These conditions include:

(i) Access by other licenced telecommunications providers to the facilities of the merging parties on a non-discriminatory basis;

(ii) Provision of basic retail broadband internet service in each of the Member States with transmission speeds of at least 5 Mbps, priced per year at not more than 3 per cent of gross domestic product (GNP) per capita;

(iii) Allowing their customers of fixed broadband, fixed voice and subscriber television services to migrate to another plan without the imposition of penalties;

(iv) Compliance with the principles of Internet Neutrality which enables access to content and applications without favouring or degrading access to websites or content.

Subsequently, ECTEL submitted a draft of the Agreement reached for perusal by the merging parties.

On Sept. 14, ECTEL received in response an amended version of the draft Agreement from the merging parties.

“Having reviewed the amendments it was found that they rendered the Agreement unenforceable. The proposed amendments from the merging parties have therefore been rejected by ECTEL,” the regulator said in a statement.

“This announcement goes against the spirit of the discussions between the merging parties and the Regulator. The Council demands that the merging parties honour the commitments including the provision of services at affordable prices, which have been made to the Regulator and also announced publicly.

“It is the Council’s desire to continue to protect the interest of consumers and advocate in the best interests of the citizens of the ECTEL Member States. We encourage all stakeholders including consumer agencies to come together in a united effort to ensure that the merging parties adhere to and not delay implementation of the conditions agreed with the Regulators.

“We will provide full support to the efforts in Grenada to address the situation based on the powers of the Regulator as provided for in the revised Retail Tariff Regulations. All Ministers have committed to passing all outstanding regulations and to expedite the finalization of the Electronic Telecommunications Bill, which are designed to strengthen the powers of the Regulators in the ECTEL Member States,” ECTEL said.

4 replies on “Regulator rejects FLOW’s attempts to increase broadband prices”

  1. Well the ink aint dry as yet but these greedy people at flow ready for an increase and poor service . I know it will be business as usual with lime .
    It pains my heart to pay my hard earned money to flow these days . Every year they boast of the amount of profit they are making and still sending home staff .
    I am praying for that day when a new player comes into the market to shift from flow .,
    I am wondering where the Ralph haters are on this one . This shows me that they are about party and not about country .
    I think we should refrain from topping up our phones or discontinue our services with flow for two months in order to send them a signal .
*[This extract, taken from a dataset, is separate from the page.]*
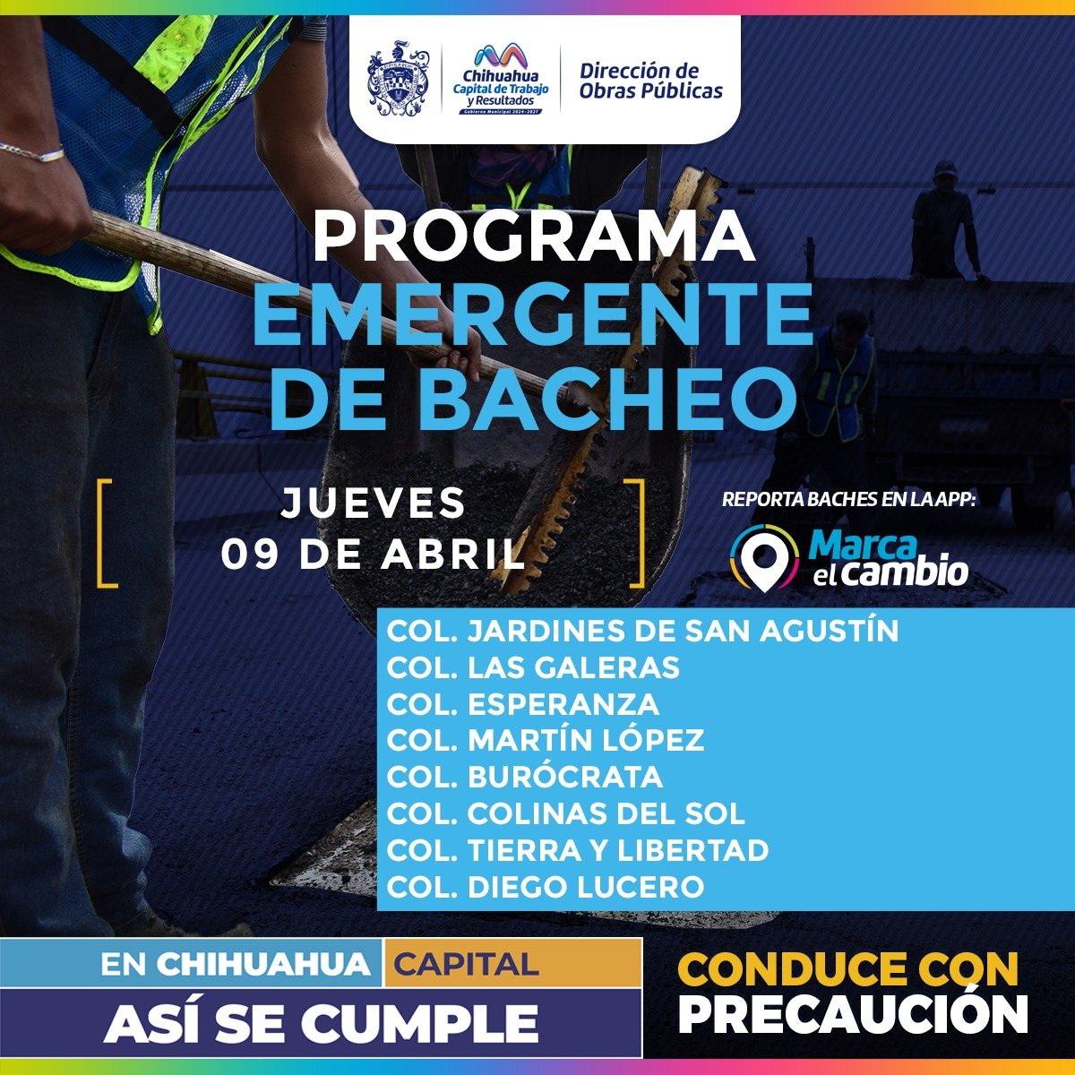 El Gobierno Municipal, a través de la Dirección de Obras Públicas, realizará trabajos de bacheo este jueves 9 de abril mediante el programa emergente en las calles de las colonias: Jardines de San Agustín, Las Galeras, Esperanza, Burócrata, Colinas del Sol, Tierra y Libertad y Diego Lucero.

    1. It was the sovereign government of this and other independent Caribbean countries that have caused this increase because they refused to block this merger, something they could have done through united action.

      If you want to blame anyone, blame Ralph.

  2. Smithie, talk about one-track thinking, that cap fits you very well. You seem to think this present government don’t have a hand in the death of bananas. My parents were small farmers too so I too know some banana history. Now you are of the opinion that when Lime takes over Flow the limes will stop spoiling and suddenly be good. For that I recommend Lime to take you on as manager. Fool, the game will be the same or even worst because the competition is not there. You know nothing about business so try to find an area that you are more versed in to express your rights.

  3. Ralph loves high prices! he gets more taxes that way…look at Liat….I rest my case on that one. If Ralph ever fights for the people it is always for show.